Begin the copy at the line containing "A polícia encontrou" in the data below and end it at the line containing "メンタルが弱い人に向く仕事1", keeping each line exact and leaving out pictures.

Data section
- - - - - - -

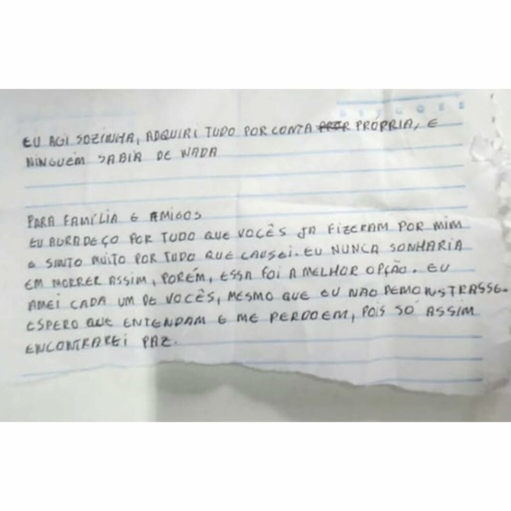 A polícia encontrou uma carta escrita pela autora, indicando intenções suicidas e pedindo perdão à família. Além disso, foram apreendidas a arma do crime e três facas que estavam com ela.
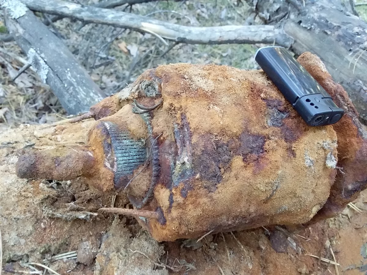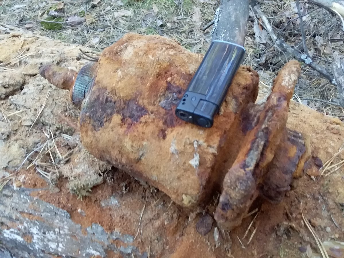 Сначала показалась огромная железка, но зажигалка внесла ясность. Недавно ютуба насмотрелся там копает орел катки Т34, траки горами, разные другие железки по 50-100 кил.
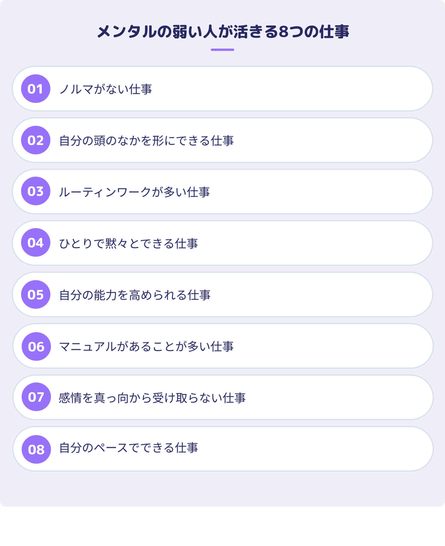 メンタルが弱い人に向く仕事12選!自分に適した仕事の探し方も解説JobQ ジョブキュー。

- - - - - - -

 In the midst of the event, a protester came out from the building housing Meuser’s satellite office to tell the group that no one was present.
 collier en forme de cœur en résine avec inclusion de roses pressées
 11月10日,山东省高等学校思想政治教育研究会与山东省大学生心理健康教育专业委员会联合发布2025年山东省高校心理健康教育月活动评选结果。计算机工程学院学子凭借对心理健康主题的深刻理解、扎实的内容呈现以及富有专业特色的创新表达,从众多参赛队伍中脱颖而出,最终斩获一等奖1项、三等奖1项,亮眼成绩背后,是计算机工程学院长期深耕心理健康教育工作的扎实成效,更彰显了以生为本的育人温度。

- - - - - - -

Solution for this task
 A polícia encontrou uma carta escrita pela autora, indicando intenções suicidas e pedindo perdão à família. Além disso, foram apreendidas a arma do crime e três facas que estavam com ela.
 Сначала показалась огромная железка, но зажигалка внесла ясность. Недавно ютуба насмотрелся там копает орел катки Т34, траки горами, разные другие железки по 50-100 кил.
 メンタルが弱い人に向く仕事12選!自分に適した仕事の探し方も解説JobQ ジョブキュー。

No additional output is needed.